Anticardiolipin antibodies in acute rheumatic fever.

作者信息

Figueroa F, Berríos X, Gutiérrez M, Carrión F, Goycolea J P, Riedel I, Jacobelli S

机构信息

Departamento de Inmunología Clínica y Reumatología, Pontificia Universidad Católica de Chile, Santiago.

出版信息

J Rheumatol. 1992 Aug;19(8):1175-80.

PMID:1365552
Abstract

Recent reports describe the association of antiphospholipid antibodies (aPL) with chorea or severe heart valve lesions in systemic lupus erythematosus, lupus-like disease, or the primary antiphospholipid antibody syndrome.
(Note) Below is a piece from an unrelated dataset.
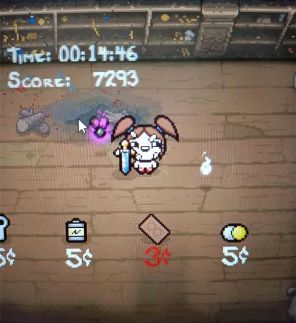 4.这个像烂柿子一样的东西,被动道具,效果:有几率发射出特殊红色子弹,使敌人进入混乱状态,混乱状态下的敌人会主动攻击别的敌人(对长条型的敌人有奇效,长条形的如:钻地怪,黄金蟒会自己攻击自己),算是一个高配魅惑效果。

We conducted a case series and a case-control investigation of patients with rheumatic fever with Sydenham chorea or other manifestations of rheumatic fever for anticardiolipin antibodies (aCL) during the acute attack and disease remission. Eighty percent of patients were positive for aCL during the rheumatic fever attack vs 40% when inactive (p = 0.035); IgG and IgM aCL increased significantly with disease activity. Individuals with or without Sydenham chorea were equally positive for aCL (76 and 83%, respectively). A significant association was found between IgM aCL and carditis: All patients with valvulitis had IgM aCL (100%) vs 37% of patients without valvular involvement (p = 0.02). aPL may play a role in the pathogenesis of some clinical manifestations of acute rheumatic fever.

摘要

近期报告描述了抗磷脂抗体(aPL)与系统性红斑狼疮、狼疮样疾病或原发性抗磷脂抗体综合征中的舞蹈病或严重心脏瓣膜病变之间的关联。我们对患有风湿热伴Sydenham舞蹈病或风湿热其他表现的患者进行了病例系列研究和病例对照调查,以检测急性发作期和疾病缓解期的抗心磷脂抗体(aCL)。80%的患者在风湿热发作期aCL呈阳性,而病情不活动时为40%(p = 0.035);IgG和IgM aCL随疾病活动度显著增加。有或无Sydenham舞蹈病的个体aCL阳性率相当(分别为76%和83%)。发现IgM aCL与心脏炎之间存在显著关联:所有患瓣膜炎症的患者IgM aCL均呈阳性(100%),而无瓣膜受累的患者为37%(p = 0.02)。aPL可能在急性风湿热某些临床表现的发病机制中起作用。